(Input data):
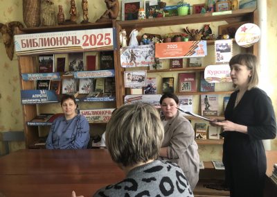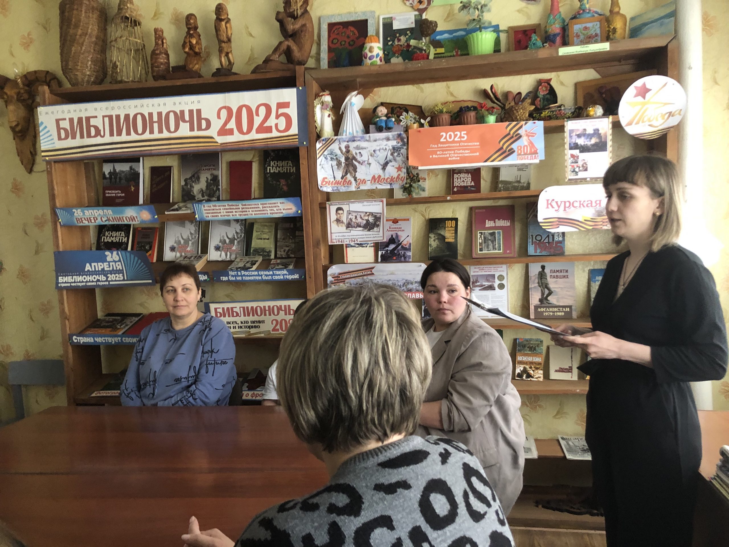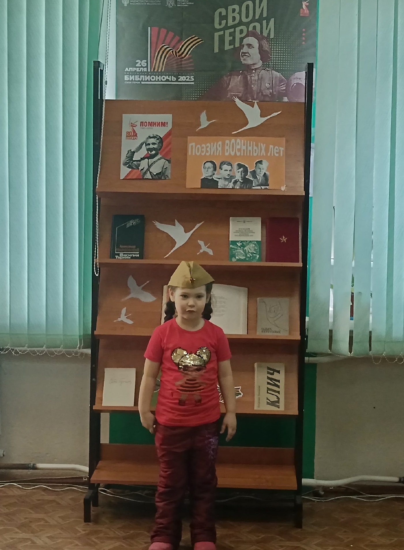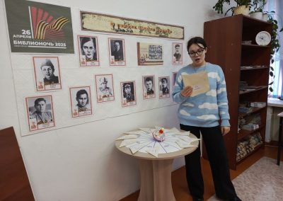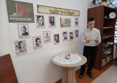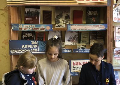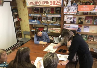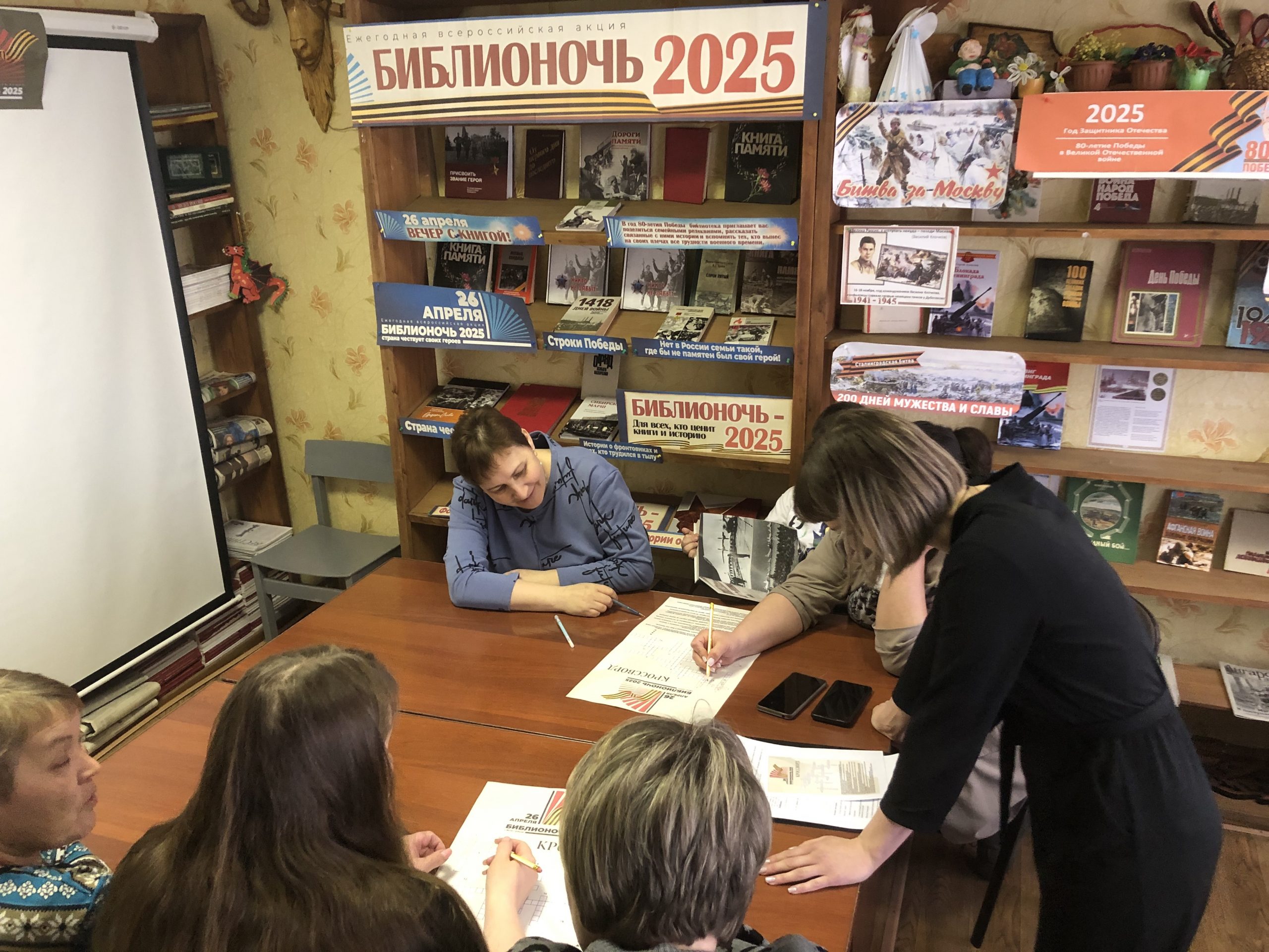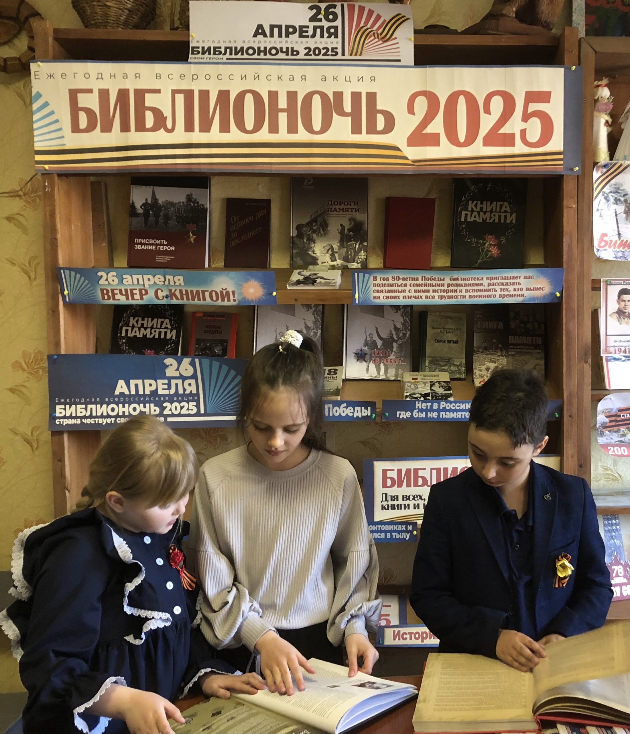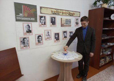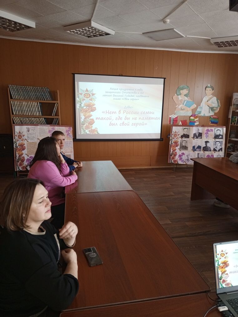 Ежегодная всероссийская акция «Библионочь» — это акция, которая объединяет любителей чтения и книги в рамках культурной ночи, которая была посвящена Году защитника Отечества и 80-летию Великой Победы. Тема акции — «Свои герои». Девиз: «Нет в России семьи, где бы ни был памятен свой герой».
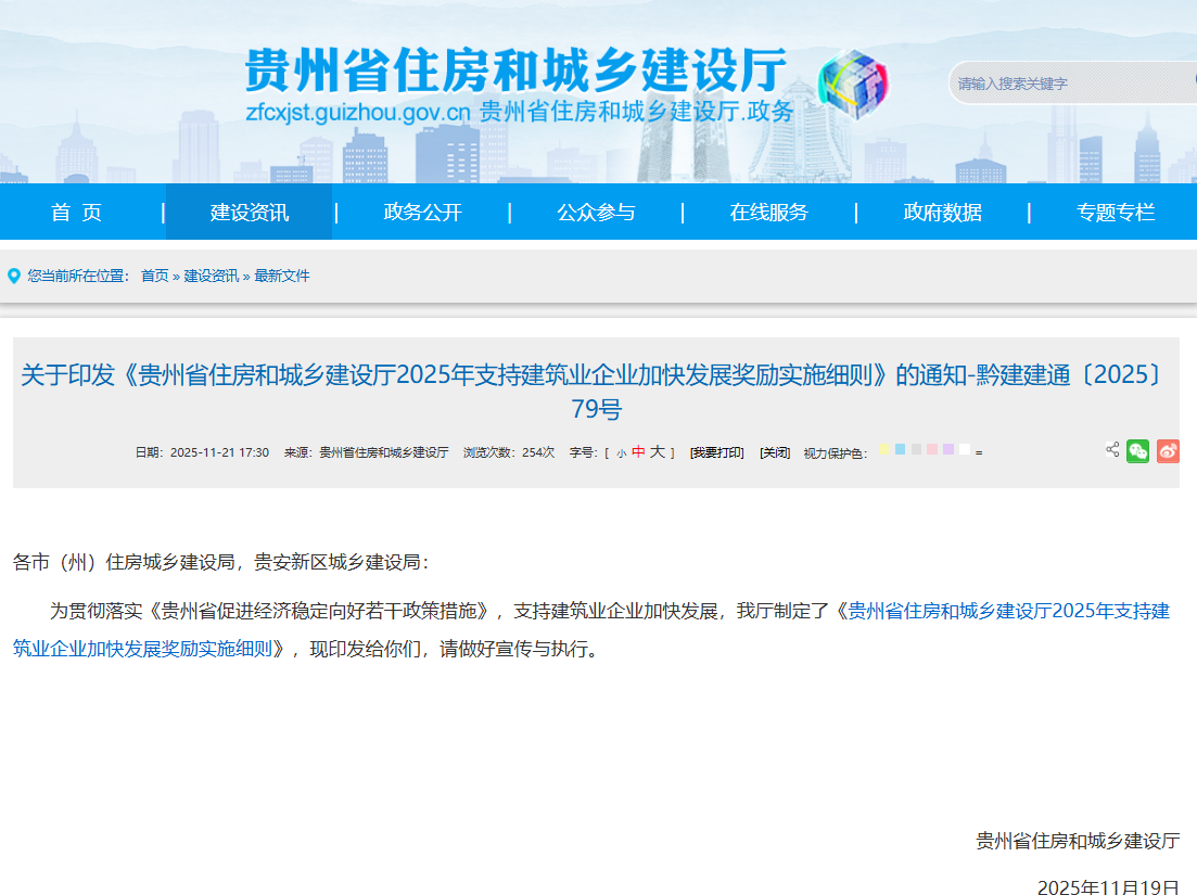 关于印发《贵州省住房和城乡建设厅2025年支持建筑业企业加快发展奖励实施细则》的通知-黔建建通〔2025〕79号
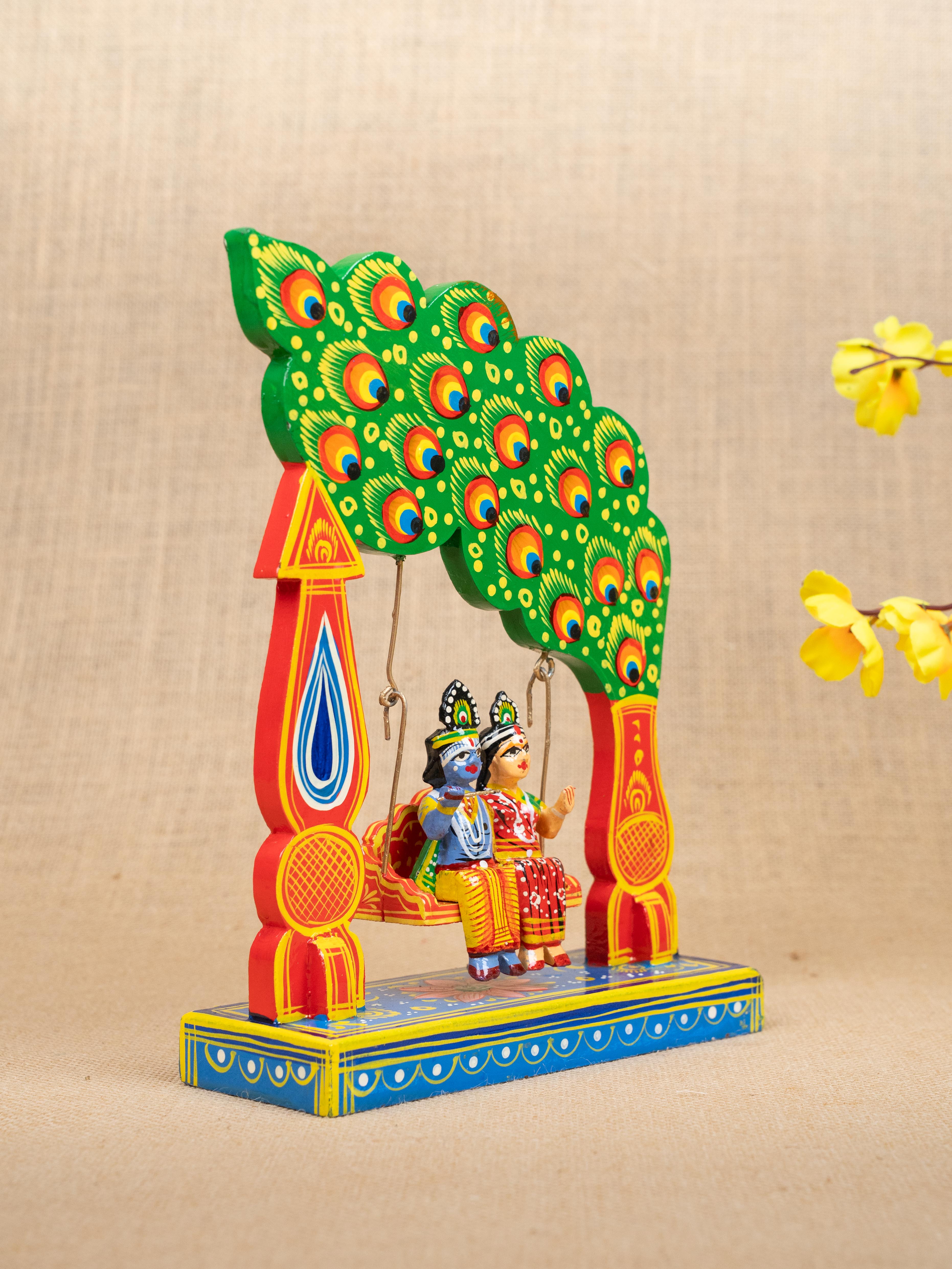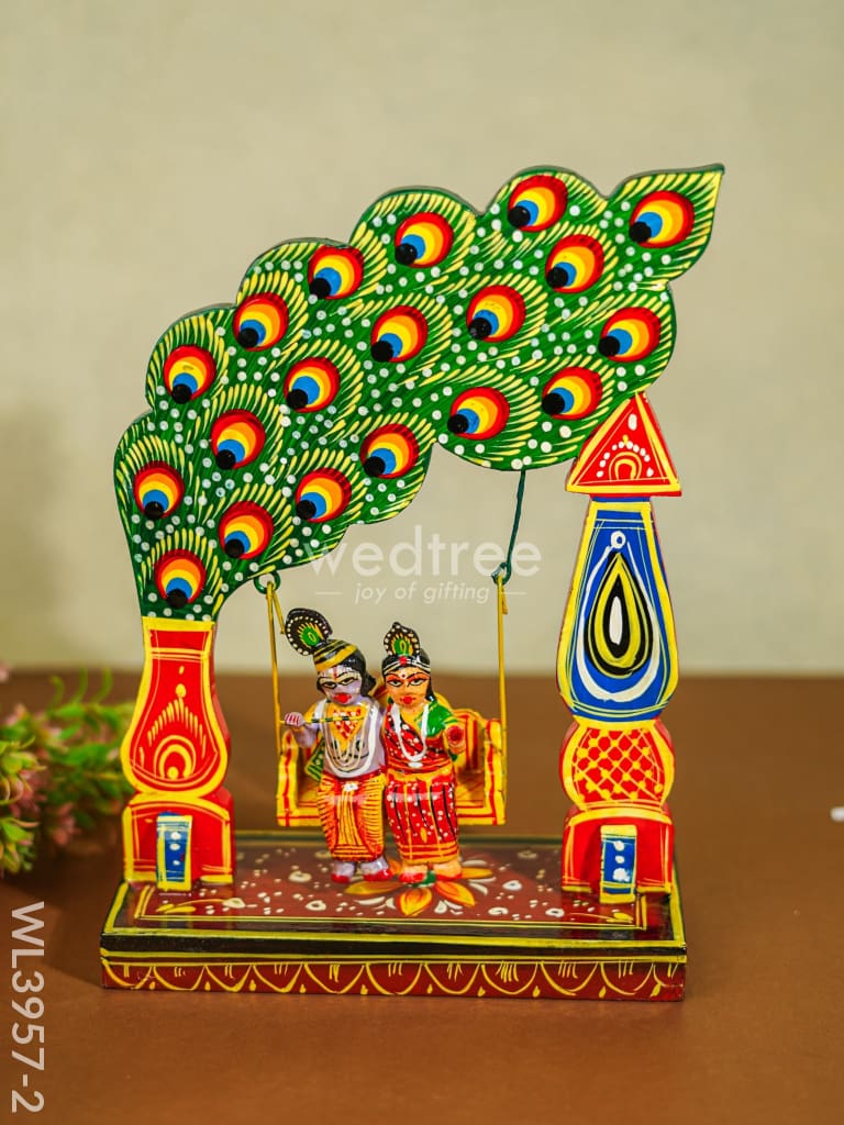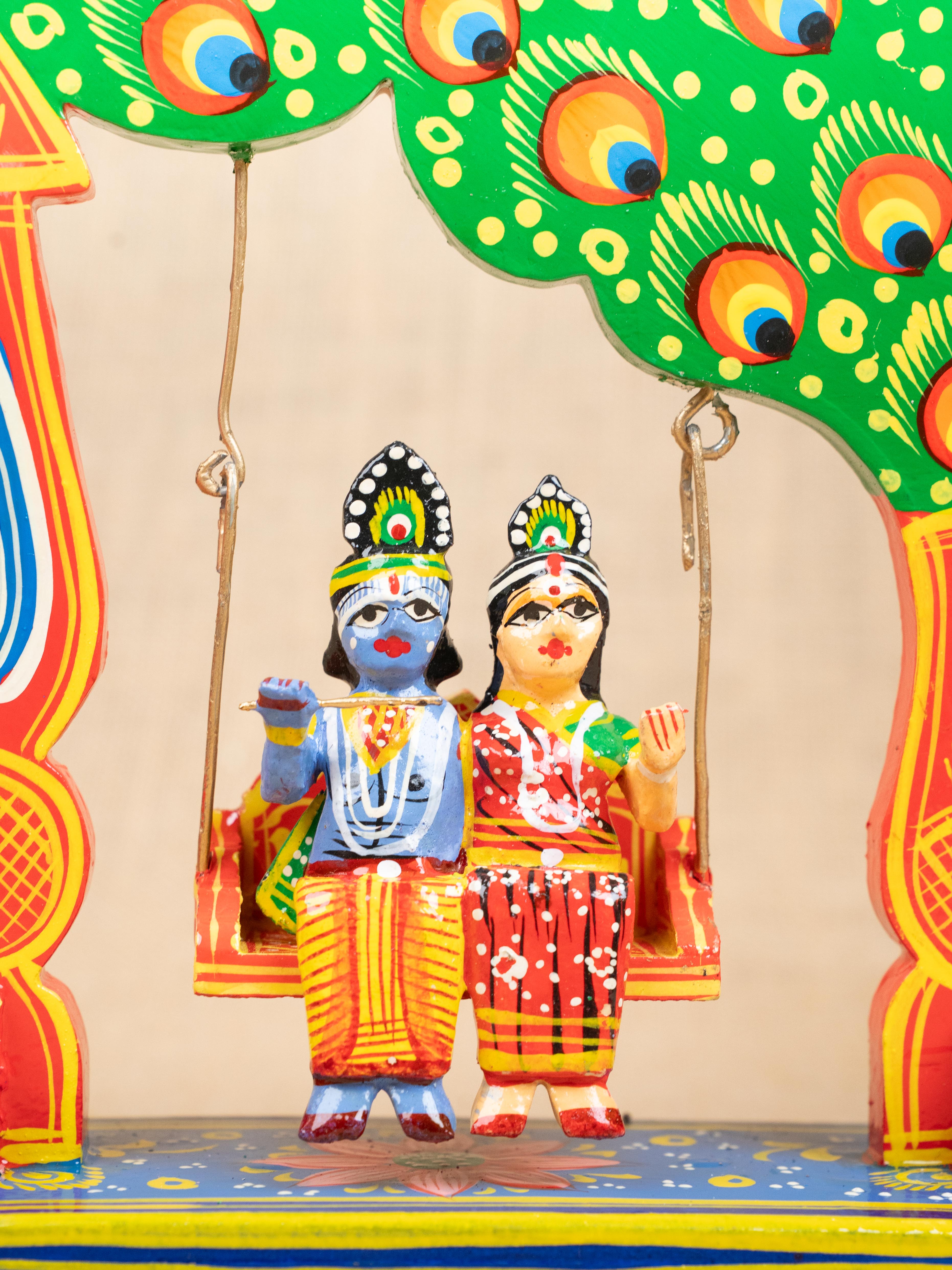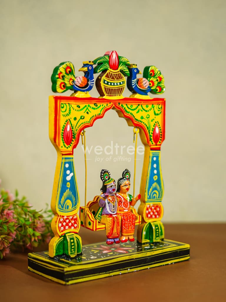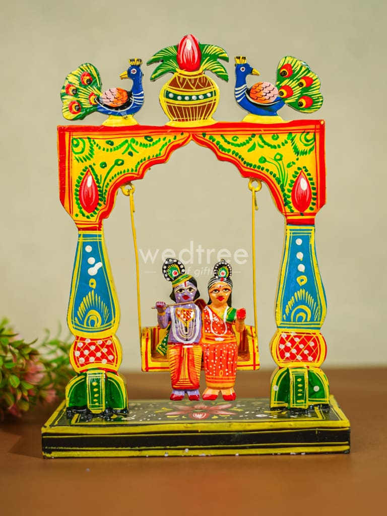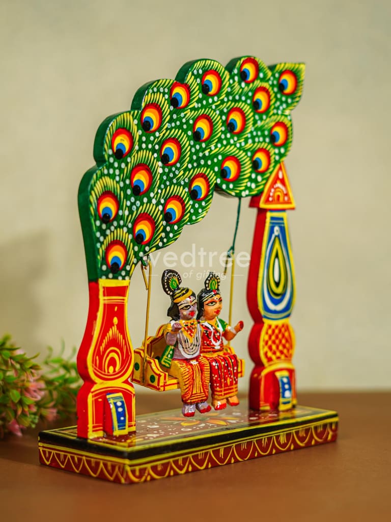 - It features Krishna & Radha beautifully swinging on Jhula and comes in 3 different designs - Tree, Peacock Feather and Peacock Mandap design.

(Aim of the task): Write the lines out word for word, starting at the one with "关于印发《贵州省住房和城乡建" and stopping after the last line of the material above, with pictures excluded.

(Written response):
 关于印发《贵州省住房和城乡建设厅2025年支持建筑业企业加快发展奖励实施细则》的通知-黔建建通〔2025〕79号
 - It features Krishna & Radha beautifully swinging on Jhula and comes in 3 different designs - Tree, Peacock Feather and Peacock Mandap design.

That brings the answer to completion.